To prevent the breakdown of industrial and commercial progress, hundreds of creative reformers concluded that the world needed a shared set of facts. Knowledge had to be gathered, organized, standardized, recorded, continually updated, and easily accessible—so that all players in the world’s widening markets could, in the words of France’s free-banking champion Charles Coquelin, “pick up the thousands of filaments that businesses are creating between themselves.”

The result was the invention of the first massive “public memory systems” to record and classify—in rule-bound, certified, and publicly accessible registries, titles, balance sheets, and statements of account—all the relevant knowledge available, whether intangible (stocks, commercial paper, deeds, ledgers, contracts, patents, companies, and promissory notes), or tangible (land, buildings, boats, machines, etc.). Knowing who owned and owed, and fixing that information in public records, made it possible for investors to infer value, take risks, and track results. The final product was a revolutionary form of knowledge: “economic facts.”

Over the past 20 years, Americans and Europeans have quietly gone about destroying these facts. The very systems that could have provided markets and governments with the means to understand the global financial crisis—and to prevent another one—are being eroded. Governments have allowed shadow markets to develop and reach a size beyond comprehension. Mortgages have been granted and recorded with such inattention that homeowners and banks often don’t know and can’t prove who owns their homes. In a few short decades the West undercut 150 years of legal reforms that made the global economy possible.

The results are hardly surprising. In the U.S., trust has broken down between banks and subprime mortgage holders; between foreclosing agents and courts; between banks and their investors—even between banks and other banks. Overall, credit (from the Latin for “trust”) continues to flow steadily, but closer examination shows that nongovernment credit has contracted. Private lending has dropped 21 percent since 2007. Outstanding loans to small businesses dropped more than 6 percent over the past year, while lending to large businesses, measured in commercial loans of more than $1 million, fell nearly 9 percent.

The importance of economic facts may not be obvious to Americans. “What does the fish know about the water in which it swims?” asked Albert Einstein. But it’s easy to grasp from the perspective of the developing and former communist countries where I live and work. In these countries, most of our assets and relationships are in the informal sector, outside the legal economy. Because they’re not recorded in public memory systems, they cannot be written up as facts and are, in effect, invisible. All we have are shadow markets.

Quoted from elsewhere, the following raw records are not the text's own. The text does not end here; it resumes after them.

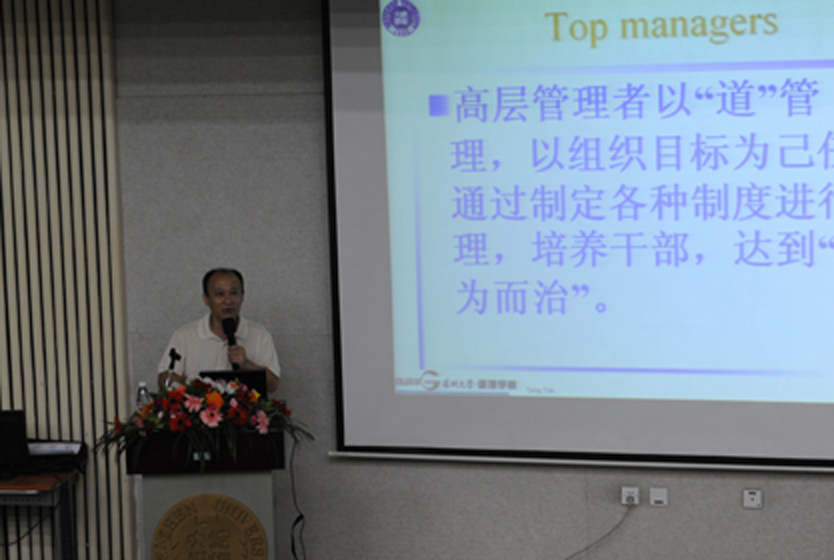 招生说明会结束后,深大管理学院党委书记宋涛副教授讲授了主题为“管理科学与管理艺术”的公开课程。宋涛老师采用了国内外企业经典案例对管理的科学性与艺术性进行讲解,内容紧贴企业经营管理现实,表达生动活泼,现场反应热烈。
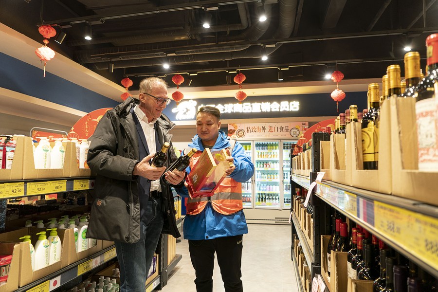 Wuhan local Zhong Weiwei (R) helps French doctor Philippe Klein shop for the Spring Festival in Wuhan, central China's Hubei Province, Feb. 3, 2021. (Xinhua/Xiong Qi)
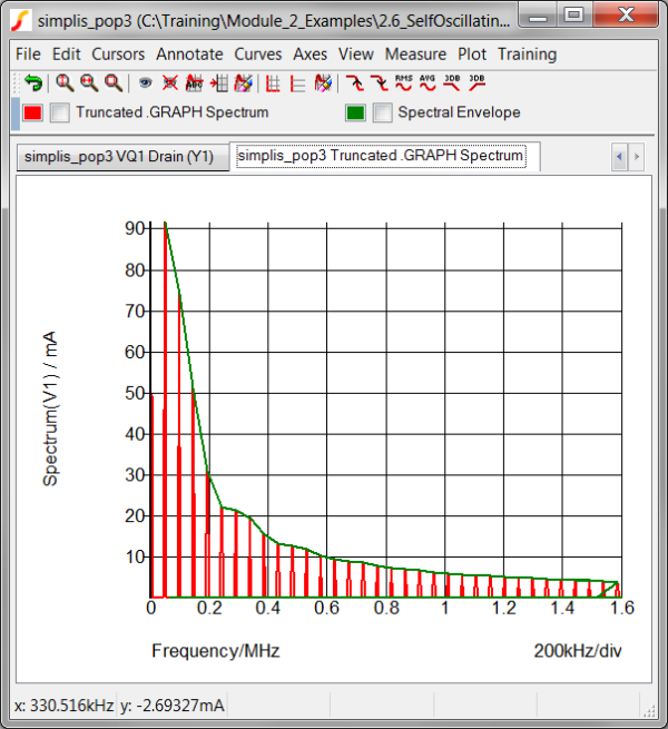 *** this .GRAPH statement adds a curve at the maxima of the spectrum *** Exercise #2: Uncomment the next three lines *.GRAPH "Maxima( Truncate( Mag( Spectrum( :V1#P , 2^12 ) ) , 40k , 1.6Meg ) )" *+ axisType="auto" persistence=1 graphName="spectrum" curveLabel="Spectral Envelope" *+ analysis="pop" xLog="auto" yLog="lin" nowarn=true xLabel="Frequency" yLabel="Spectrum(V1)" xUnit="Hz" yUnit="A"
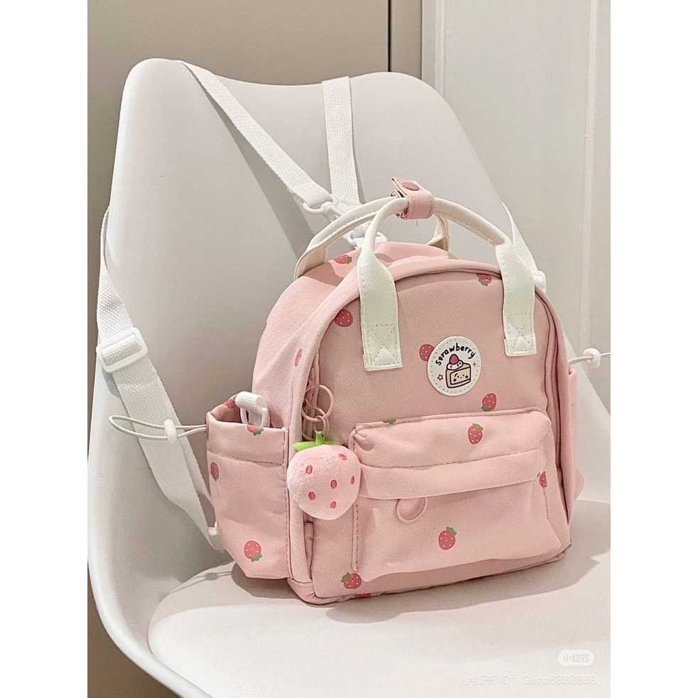 Tas Ransel Mini Motif Strawberry Sekolah dan Hangout Anak Perempuan

Without standardization, the values of assets and relationships are so variable that they can’t be used to guarantee credit, to generate mortgages and bundle them into securities, to represent them in shares to raise capital. Nor do they fit the standard slots required to enter global markets. That’s why credit crunches and massive unemployment are chronic conditions for most people forced to operate in the informal economy. These are the ones you see protesting in the streets of Arab countries or living in tents surrounding Port-au-Prince. We know only too well that facts don’t speak for themselves: They have to be constructed through legal processes and kept transparent. They have to be defended, too.

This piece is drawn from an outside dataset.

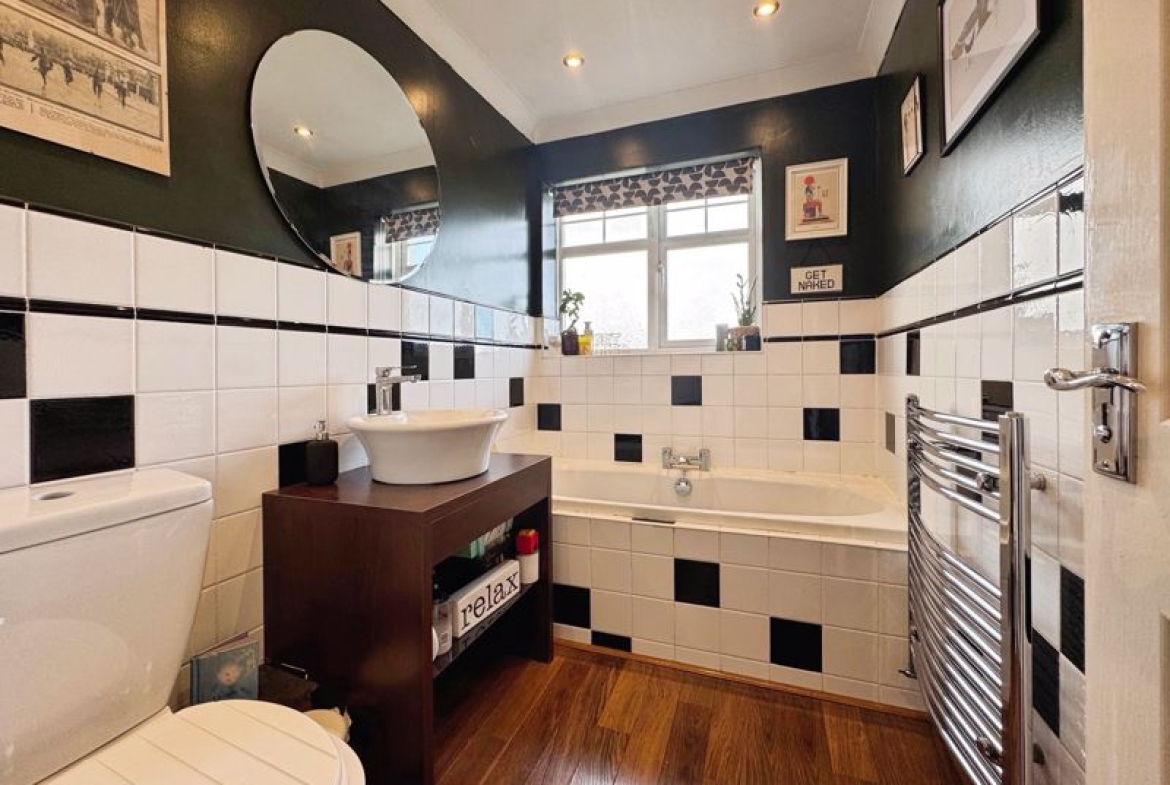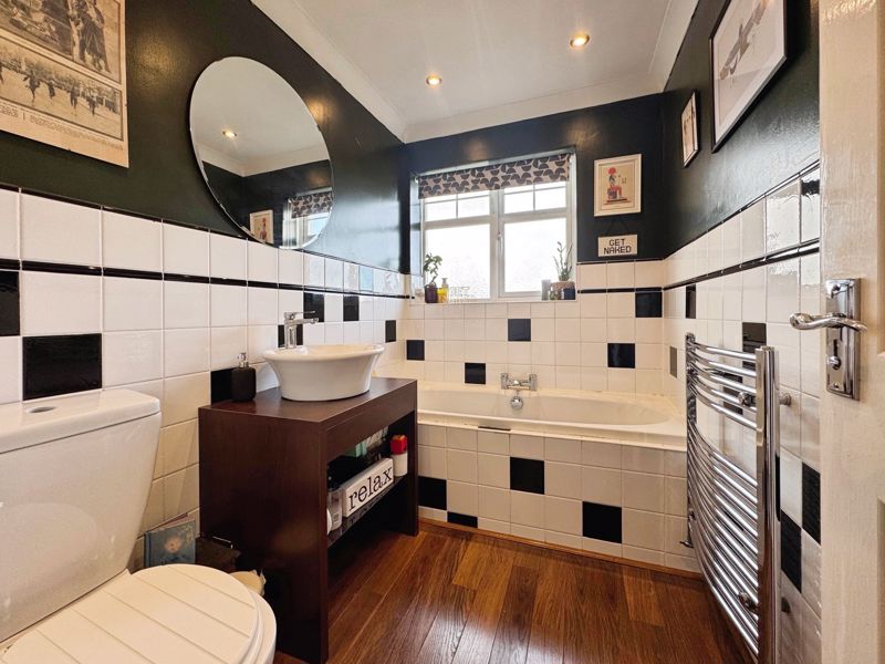UPVC window, bath, low level wc, w3ash hand basin, part tiled and heated towel ail.

When then-Treasury Secretary Henry Paulson initiated his Troubled Asset Relief Program (TARP) in September 2008, I assumed the objective was to restore trust in the market by identifying and weeding out the “troubled assets” held by the world’s financial institutions. Three weeks later, when I asked American friends why Paulson had switched strategies and was injecting hundreds of billions of dollars into struggling financial institutions, I was told that there were so many idiosyncratic types of paper scattered around the world that no one had any clear idea of how many there were, where they were, how to value them, or who was holding the risk. These securities had slipped outside the recorded memory systems and were no longer easy to connect to the assets from which they had originally been derived. Oh, and their notional value was somewhere between $600 trillion and $700 trillion dollars, 10 times the annual production of the entire world.

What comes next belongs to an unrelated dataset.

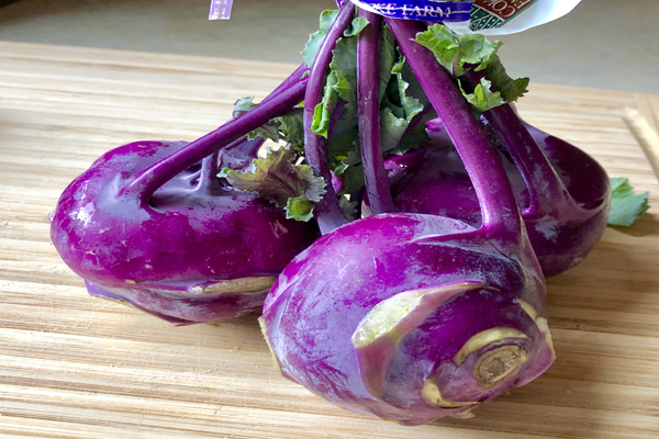 Sie finden Kohlrabi in den frühen Frühlings- und Sommermonaten und im Herbst. Es gibt mehrere verschiedene Sorten, wobei man bei uns meist die hellgrüne Version sieht. Mein Favorit ist die violette Sorte. Wenn man die harte Außenhaut abzieht, ist der Kohlrabi unabhängig von der Außenschale weiß.

Three years later there’s still plenty to be concerned about. Governments have worked to enact major financial and regulatory reforms, such as the Wall Street Reform and Consumer Protection Act ushered through Congress in 2010 by former Senator Chris Dodd (D-Conn.) and Representative Barney Frank (D-Mass.). Dodd-Frank has sought to move derivatives into clearinghouses where more data about them can be collected. It’s a step in the right direction. But if you believe in the value of public memory and economic facts, the reforms leave a number of problems outstanding.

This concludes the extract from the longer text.